Malobika and Akanksha, then in 1999, decided to do something risky, and brave. They gave an interview as a lesbian couple to a leading Bangla newspaper. They asked that the interview be published along with a PO box number where people could reach out to the six founders. Within three months the group was flooded with around two hundred letters from all over West Bengal. Through this outpouring, the third challenge prominently emerged: countless cases of domestic abuse of queer individuals at the hands of their own families. The atrocities included the withdrawal of educational support, house arrest, physical violence, psychological abuse, forced marriages, and conversion therapy that claimed to "cure" queers of their queerness.

The founders realized that efforts like theirs challenged the patriarchal beliefs that were deeply rooted in the non-queer psyche, and reducing atrocities meant bridging the gap between queers and non-queers. Engaging with non-queers wasn't negotiable, it was necessary. As a result, Sappho evolved as a space for queers and non-queers who believed that all lives had a right to live with dignity. Even today, the criteria for Sappho's membership aren't based on one's gender-sexual orientation, but one's belief in non-cis-heteronormative identities.

Those who want to get married, that is their right, but the state should provide rights to those who do not get married (as well).

Through an understanding of the history of the queer movement, we can understand how this resistance has developed and what the future of the movement holds. Through a constellation of factors, the mainstream queer goal has become all about the license to marry. And a lot of queers, including Malobika and Akanksha, disagree with this fixation. Their perspective is backed by a large global community, and the reasoning is this: same-sex marriage does not challenge the heteronormative and patriarchal nature of marriage, which is, in all senses, an economic institution under the capitalist order. And the laws around property, inheritance, and insurance confirm this. To be very clear, Malobika and Akanksha are not opposed to gay marriage. What they want is the freedom to marry or not and still be treated as companions in the eyes of the law. Instead, they ask that consenting partnerships be protected by law.
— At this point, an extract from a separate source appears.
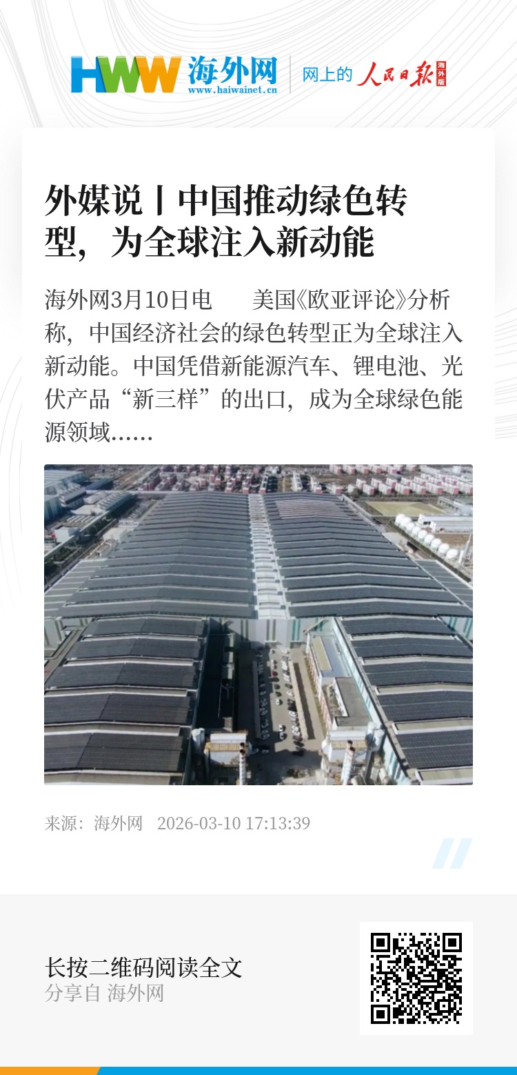 海外网3月10日电 美国《欧亚评论》分析称,中国经济社会的绿色转型正为全球注入新动能。中国凭借新能源汽车、锂电池、光伏产品“新三样”的出口,成为全球绿色能源领域的关键合作伙伴。外媒认为,通过高质量共建“一带一路”,中国将其在可再生能源领域的领先地位,转化为全球绿色转型的动力源。(海外网 王贝思)

Speaking of shaping the future of the queer movement, they remind us of the civil liberties and rights that queers are still fighting for. All the challenges they faced while Sappho started to grow still exist in subtle forms. And mere decriminalization of homosexuals does not mean we have achieved queer liberation - we are far from it. The entire lifecycle of a queer person should be taken into consideration while setting goals for the movement, and efforts should be made to ensure all voices are heard: the young, the old, and the budding.